Moving on, the poet unmasks his private spirit and inner person in Folkland, terse recount of his days at Nsukka: "I carry my rags / in assorted bags / the stitching will come after." We sense the refugee escaping even before he declares, I survived .38s and the cheery banter degenerates to obscure literary references. Strong whiffs of Okigbo pervade this Nsukka story. They are reinforced in "Notes For A Burial and Fennel Out Of A Deluge. In the former, he advocates a peculiar suicide of the inner person. The latter is a memorial to the bard of Ojoto, with all the social and artistic implications.

Slowly, the gears shift and the tempo of his challenge rise through Handsworth Revolution to Jack Out of a Box and Song of My People.

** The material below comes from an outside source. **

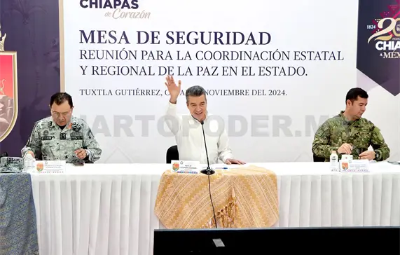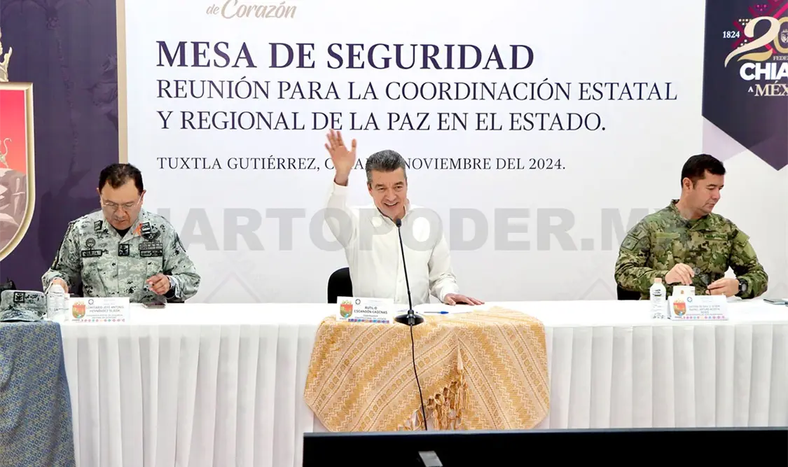En el marco de la Mesa de Coordinación Estatal para la Construcción de la Paz y la Seguridad, el gobernador Rutilio Escandón Cadenas destacó que las actividades y manifestaciones en Chiapas por el Día Internacional de la Eliminación de la Violencia contra las Mujeres, se llevaron a cabo de manera pacífica y con absoluto respeto a las normas jurídicas y, sobre todo, de la población.
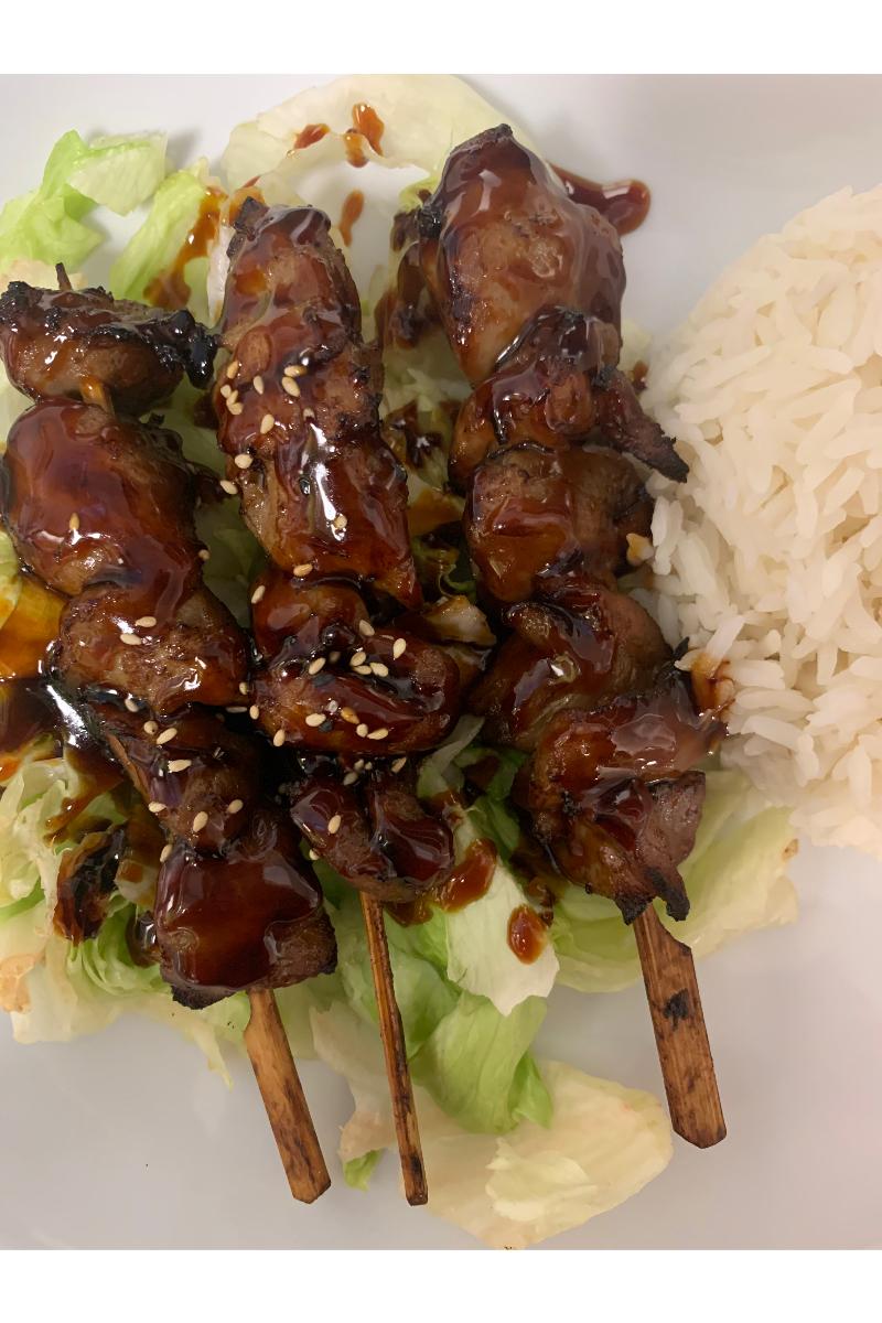 Grillet kylling spyd, husetssaus, sesamfrø, salat, ris (gluten)

In them, we are confronted by poetry-of-the-streets; compositions that demand performance and chanted passages that take their bearing from such black musical traditions as reggae (Third World), soul (James Brown) and afro-beat (Fela).

"Country I see through you", the poet affirms in What the Prisoner Said; yet another indictment of the system, "you bear a fictitious seal… / the mark of Revelation's beast."